The given system of equations are:
(a - b)x + (a + b)y = 2a² - 2b²
So, (a - b)x + (a + b)y - 2a² - 2b² = 0
 (a - b)x + (a + b)y - 2(a² - b²) = 0 ........(i)
And (a + b)(x + y) = 4ab
So, (a +b)x + (a + b)y - 4ab = 0 ..........(ii)

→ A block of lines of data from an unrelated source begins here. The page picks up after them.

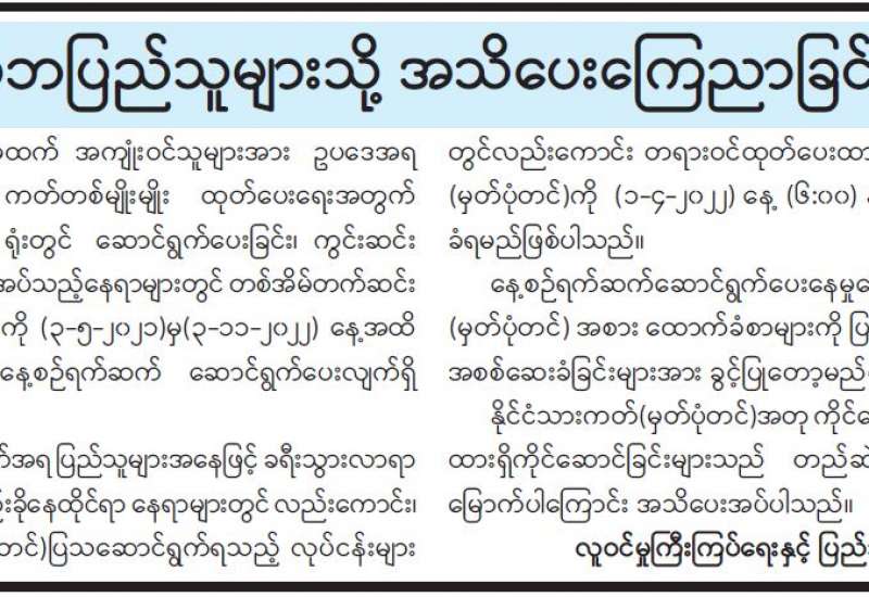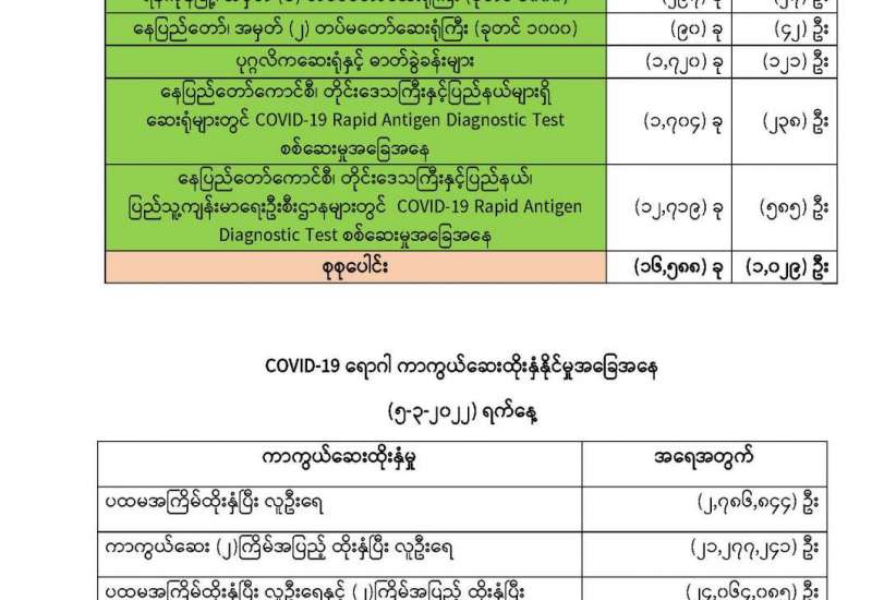 ကျန်းမာရေးဝန်ကြီးဌာနအနေဖြင့် နိုင်ငံအတွင်းကူးစက်ဖြစ်ပွားနေသော COVID-19 ရောဂါ ကာကွယ်၊ ကုသ၊ ထိန်းချုပ်ရေးလုပ်ငန်းများကို အရှိန်အဟုန်မြှင့်ဆောင်ရွက်လျက်ရှိရာ ရောဂါ ထိန်းချုပ်ရေးလုပ်ငန်းများ အောင်မြင်နိုင်ရေးအတွက် ပြည်သူလူထုအနေဖြင့် ကျန်းမာရေး ဝန်ကြီးဌာနမှ ထုတ်ပြန်ထားသော COVID-19 ရောဂါ ကာကွယ်ထိန်းချုပ်ရေးဆိုင်ရာ စည်းကမ်းများကို စနစ်တကျ လိုက်နာဆောင်ရွက်ရန် လိုအပ်ပြီး COVID-19 ကာကွယ်ဆေးထိုးနှံမှုခံယူခြင်းအား အထူးဂရုပြု ပူးပေါင်းဆောင်ရွက်ကြရန် လိုအပ်ပါသည်။
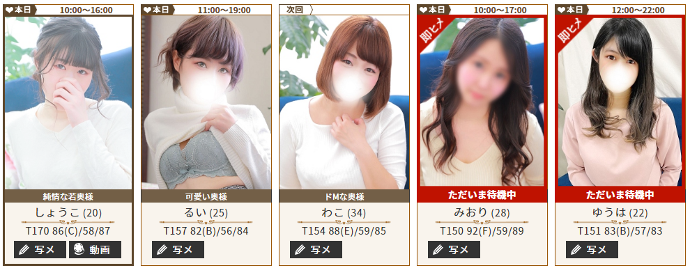 西川口ホテヘル「西川口人妻浮気現場」に在籍しているキャストの女性は、細身からぽっちゃりまで、様々な人妻嬢が在籍しています。年代は20代前半から、50代までと幅広く在籍していますね。
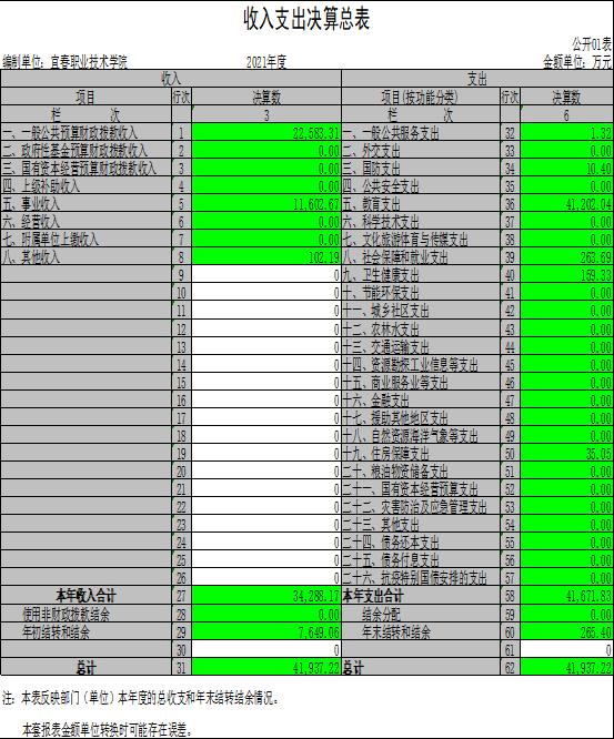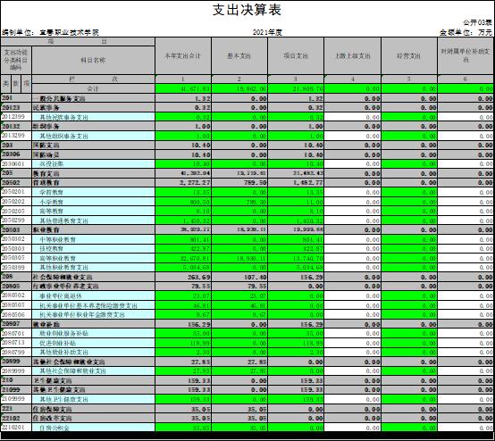 本部门2021年度支出总计41671.83万元,其中本年支出合计41671.83万元,较2020年增加10714.13万元,增长34.61%,主要原因是:新校区搬迁采购大量的教学设施设备,继续加大职业教育投入;年末结转和结余265.4万元,较2020年减少7383.66万元,下降96.53%,主要原因是:财政政策调整,零基预算,年末财政拨款收入未使用完的结余暂时收回。
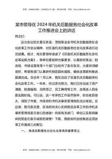 某市领导在2024年机关后勤服务社会化改革工作推进会上的讲话.docx
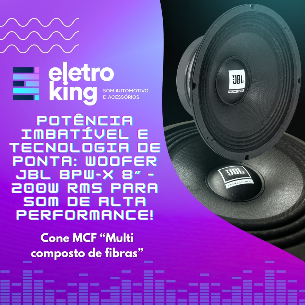 Seja bem-vindo a Eletroking, leia atentamente a descrição do produto abaixo antes da compra, qualquer dúvida, nos acione no campo de perguntas do anúncio. Woofer 8 JBL 8PW-X 200 Watts RMS - 4 Ohms O Woofer JBL 8PW-X de 8” destaca-se pela sua tecnologia avançada, oferecendo 200W RMS de potência com uma resposta de frequência precisa de 70 a 8500 Hz. Seu cone MCF patenteado pela Harman utiliza um composto multi fibras, tornando-o mais leve e resistente, além de reduzir custos. O conjunto magnético otimizado garante maior eficiência, enquanto a calota de celulose melhora a reprodução das frequências mais altas. Com alta sensibilidade, ele proporciona maior desempenho com menor consumo de energia, sendo a escolha ideal para sistemas de som exigentes em qualidade e durabilidade. Especificações Técnicas: • Conjunto magnético otimizado • Cone MCF (patente Harman): Multi composto de fibras • Cone mais resistente: Redução de peso • Redução de custo • Embalagem individual • Calota de celulose: Ganho nas frequências mais altas • Suspensões alteradas • Especificações Técnicas • Marca: JBL • Modelo: 8PWX 4R • Tipo: Woofer • Tamanho: 8 polegadas • Potência RMS: 200W • Impedância: 4 Ohms • Resposta de Frequência (Hz): 70 a 8500 • Sensibilidade: Alta sensibilidade para maior eficiência Conteúdo da Embalagem: • 01 JBL 8PW-X 200W 4ohms • Cartão de garantia • Manual Importante: • Garantia de 273 Dias. • Valor Unitário. • Todos os Nossos Produtos São Novos, Originais e Acompanham Nota Fiscal. • A Eletroking recomenda que a instalação seja feita por profissional especializado e não se responsabiliza pelo mau uso do produto.
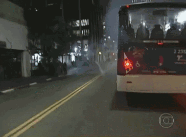 巴西警察,向暴动的市民发射催泪弹,可是警察叔叔忘记这是在巴西
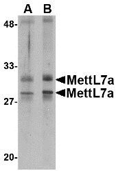 MettL7A belongs to the methyltransferase superfamily. It is a probable methyltransferase. Methyltransferase is a type of transferase enzyme which transfers a methyl group from a donor to an acceptor. Often methylation occurs on nucleic bases in DNA or amino acids in protein structures. DNA methylation is often utilized to silence and regulate genes without changing the original DNA sequence. DNA methylation may be necessary for normal growth from embryonic stages in mammals. When mutant embryonic stem cells lacking the murine DNA methyltransferase gene were introduced to a germline of mice they caused a recessive lethal phenotype. Methylation may also be linked to cancer development as methylation of tumor suppressor genes promotes tumorgenesis and metastasis. At least two isoforms of MettL7A are known to exisit. This antibody is predicted to not cross-react with MettL7B.
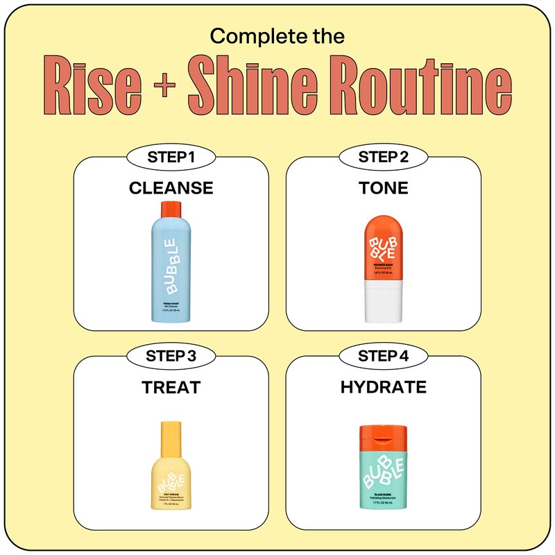 Put your best face forward with Bubble's Day Dream anti aging, Vitamin C face serum! This super unique serum is made up of a combination of radiance-boosting ingredients to soften texture, make skin dreamier and amplify radiance. Niacinamide, Alpha Arbutin and Plant Derived Ceramides all play an essential role giving your face a daily dose of brilliance. Day Dream can be used after cleansing and before moisturizing and SPF. Don't let this step intimidate you! Keep it simple by choosing Day Dream and one more product that addresses your individual skin concerns. We searched for preppy skincare products made specifically for youthful skin and found…nothing. Now, we’re shaking up the face aisle with dermatologist-developed scientific skin care that’s made of nature and formulated to deliver face-changing results.
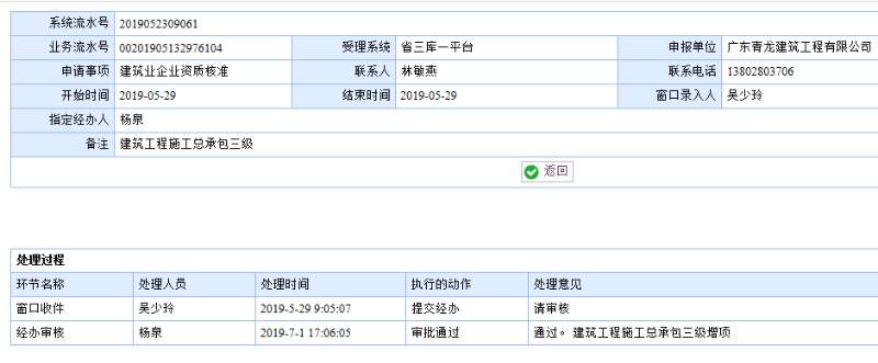 ▲青龍獲得建筑工程施工總承包三級資質(zhì)
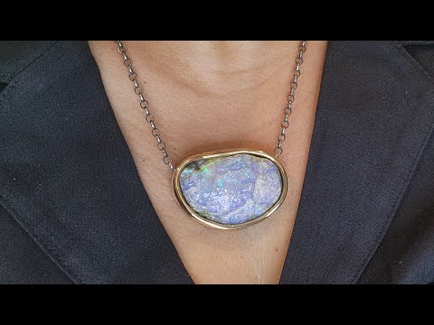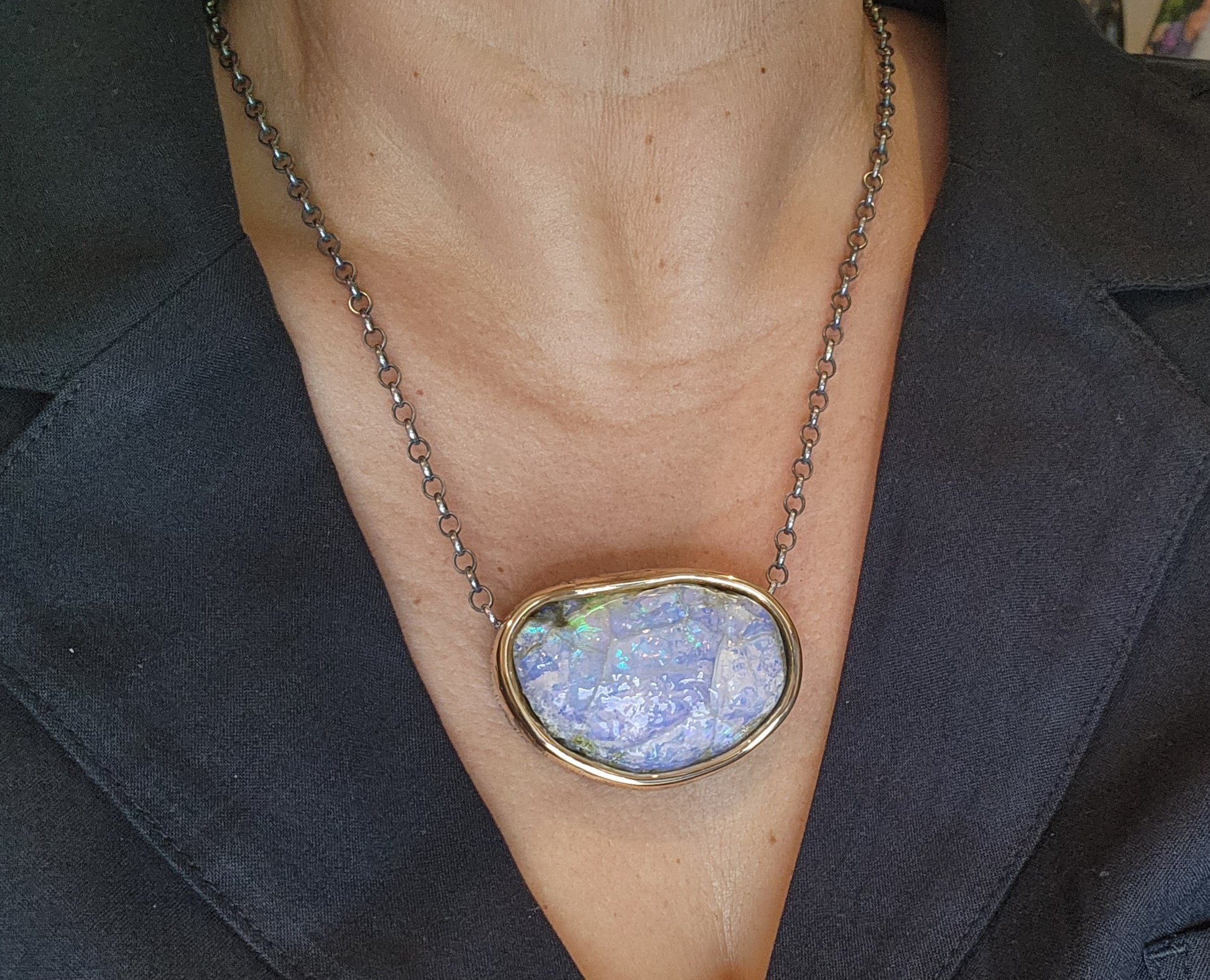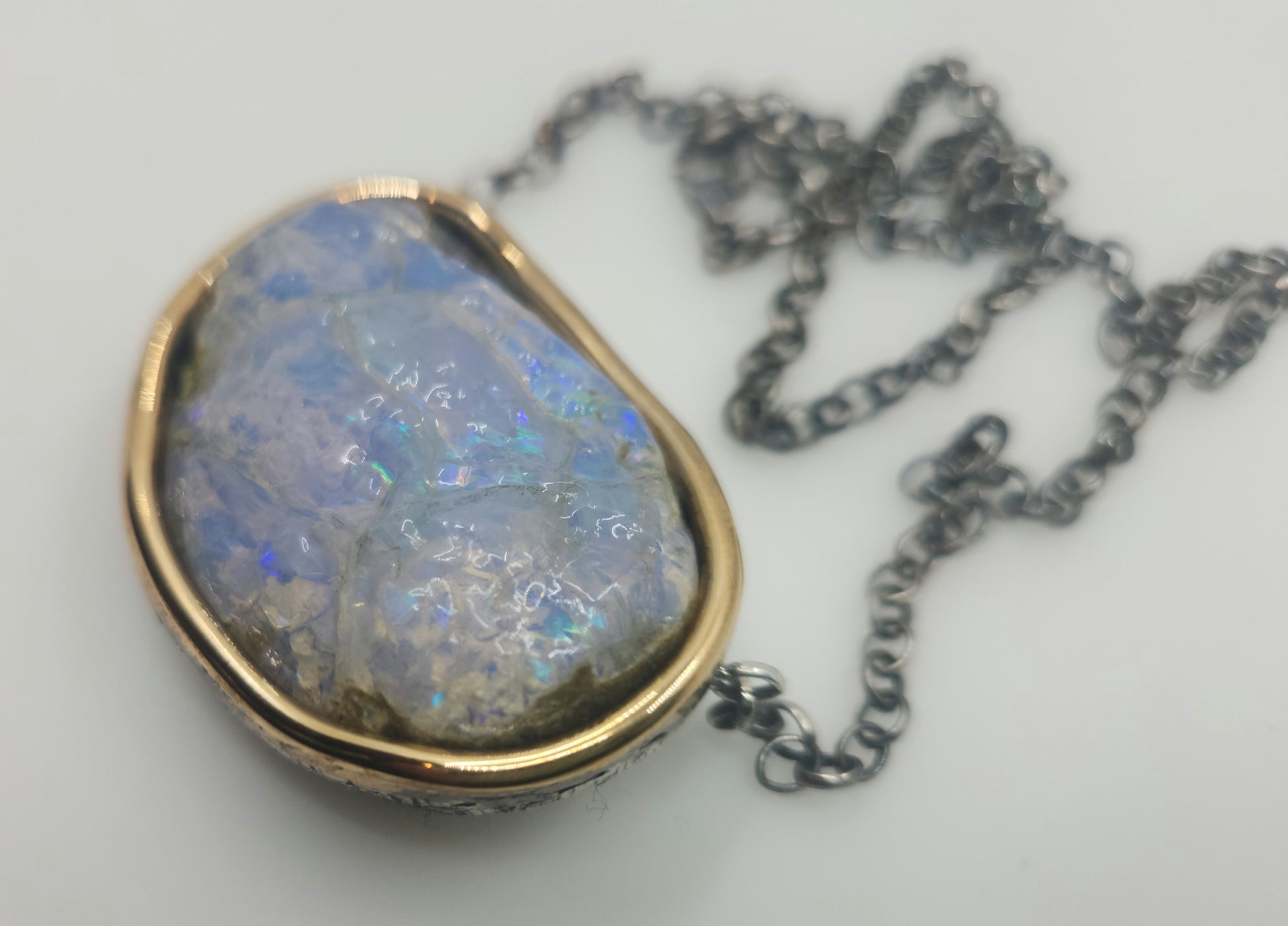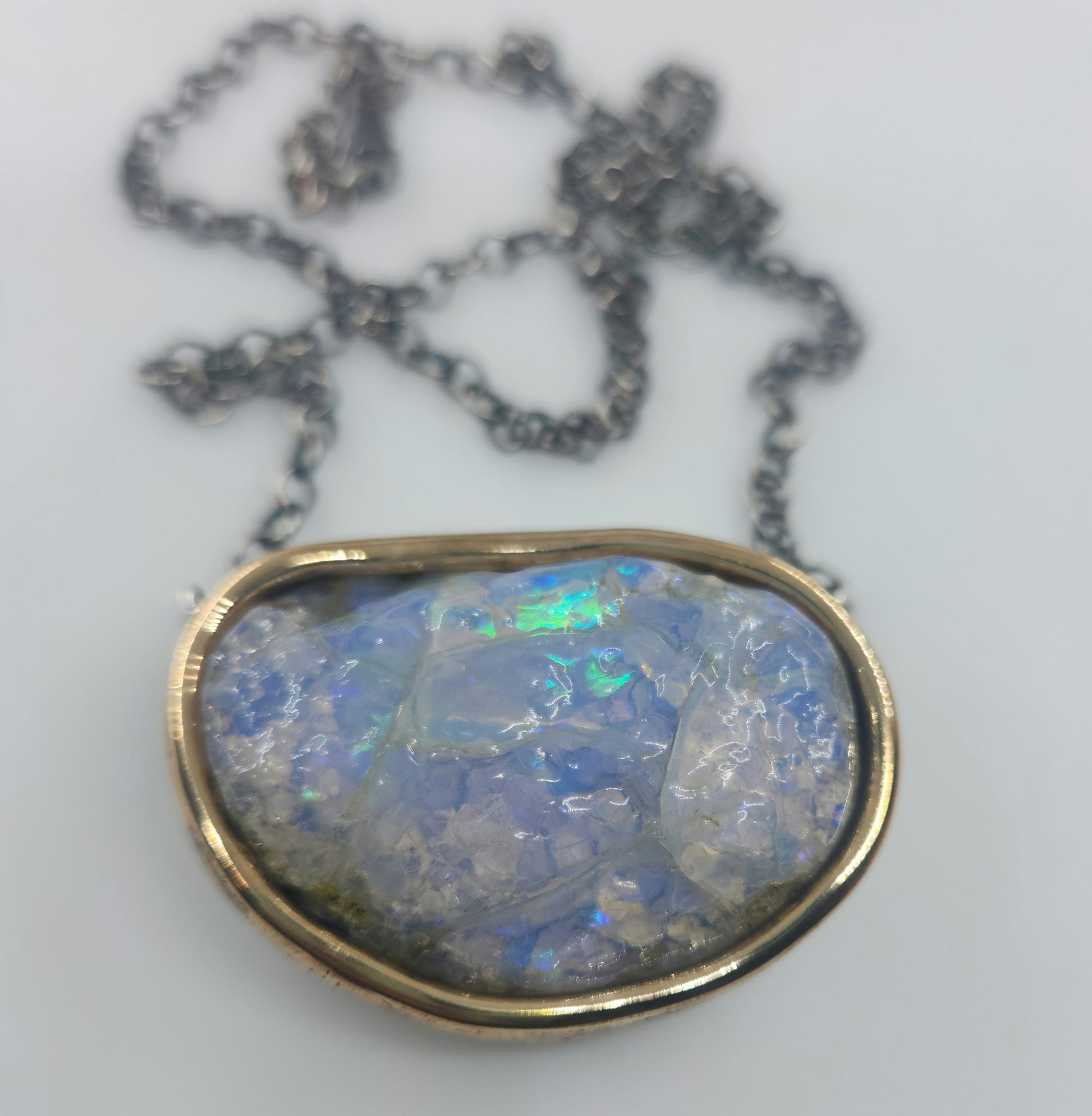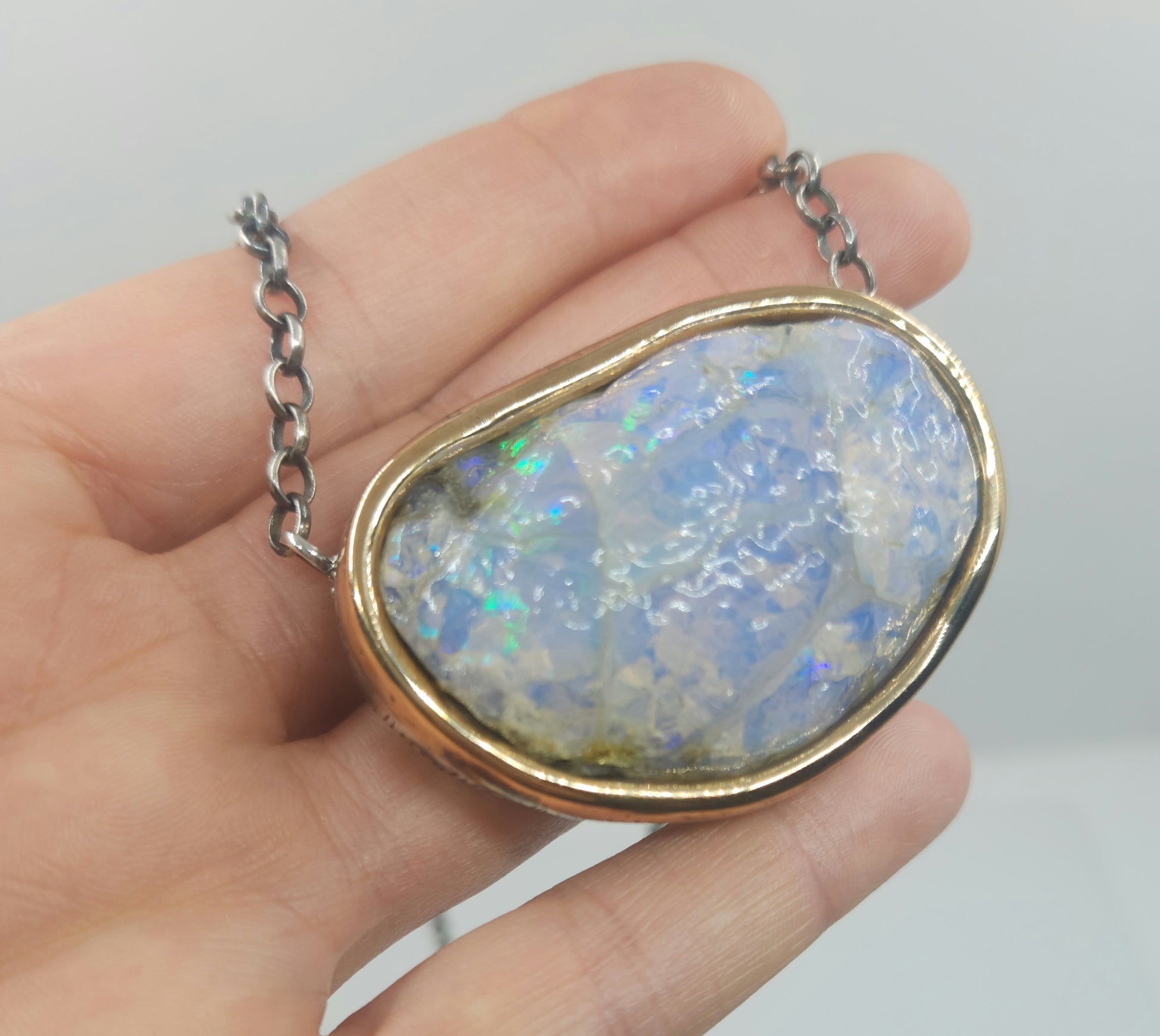 Large Natural Opal Specimen Pendant Sterling Silver Gemstone Jewelry #493

The given system of equation is in the form of
a₁x + b₁y - c₁ = 0
and a₂x + b₂y - c₂ = 0
Compare (i) and (ii) , we get
a₁ = a - b, b₁ = a + b, c₁ = -2(a² + b²)
a₂ = a + b, b₂ = a + b, c₂ = -4ab
By cross-multiplication method
$\frac{x}{{2(a + b)({a^2} - {b^2} + 2ab)}}$ $= \frac{{ - y}}{{2(a - b)({a^2} + {b^2})}}$ $= \frac{1}{{ - 2b(a + b)}}$
Now, $\frac{x}{{2(a + b)({a^2} - {b^2} + 2ab)}} = \frac{1}{{ - 2b(a + b)}}$ 

$⇒ x = \frac{{2ab - {a^2} + {b^2}}}{b}$
And, $\frac{{ - y}}{{2(a - b)({a^2} + {b^2})}} = \frac{1}{{ - 2b(a + b)}}$ 
$⇒ y = \frac{{(a - b)({a^2} - {b^2})}}{{b(a + b)}}$
The solution of the system of equations are $\frac{{2ab - {a^2} + {b^2}}}{b}$ and $\frac{{(a - b)({a^2} - {b^2})}}{{b(a + b)}}$ respectively.